A Study on Establishment of Criteria to Identify the Defense Industrial Technology of Diesel Engine for Military Vehicle

  • 윤흥수 (명지대학교 대학원 보안경영공학과) ;
  • 류연승 (명지대학교 대학원 보안경영공학과)
  • Yoon, Heung-Soo (Dept. of Security and Management Engineering, Graduate School, Myongji University) ;
  • Ryu, Yeon-Seung (Dept. of Security and Management Engineering, Graduate School, Myongji University)
  • 투고 : 2018.12.12
  • 심사 : 2019.03.20
  • 발행 : 2019.03.28

초록

방산기술이 복제되거나 방해기술이 발달되어 그 가치와 효용이 낮아지는 것을 방지하고 부적절한 수출을 방지하기 위한 보호가 필요하여 2015년도에 방위산업기술보호법이 제정되었다. 방산기술이란 방위산업과 관련된 국방과학기술 중에서 국가안보를 위하여 보호되어야 하는 기술을 의미한다. 그러나 현재 방산기술 보호체계 중에서 보호대상 기술의 식별 및 관리 체계의 기술식별 기준이 법규화 되어 있지 않다. 이에 본 연구에서는 델파이 설문을 통하여 141개 방산기술 중에서 고효율 내연기관 추진 기술과 관련 있는 디젤기관 요소기술 식별기준을 정립하고 방산기술 보호체계 중 보호대상 기술의 식별 및 관리 체계를 개선하였다. 연구결과로 디젤기관 요소기술 식별기준으로 작전 운용성, 내구성, 안전성, 계열화 및 모듈화 등을 정립하였다.

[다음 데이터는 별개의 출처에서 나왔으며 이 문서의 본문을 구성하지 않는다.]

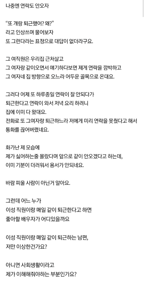 와이프가 여직원 얼굴 보고 아무말도 안함

The Defense Technology Security Act was enacted in 2015 to protect the defense industrial technology from being duplicated or interfering technologies being developed, which prevents its value and utility from deterioration and prevents inappropriate export. Defense industrial technology refers to technology that should be protected for national security among the national defense science and technology related to the defense industry. However, technical identification criteria of identification and management system of protection technology are not regulated. Therefore, in this study, through the Delphi survey, diesel engine core technology identification criteria related to the high efficiency internal combustion engine propulsion technology among the 141 defense industrial technologies is established to improve the identification and management system of the technology to be protected among the defense industrial technology protection system. As a result of the study, operational operability, durability, safety, sequencing and modularization were established as diesel engine core technology identification criteria.

키워드

Table 1. Construction of Kendall's W[19]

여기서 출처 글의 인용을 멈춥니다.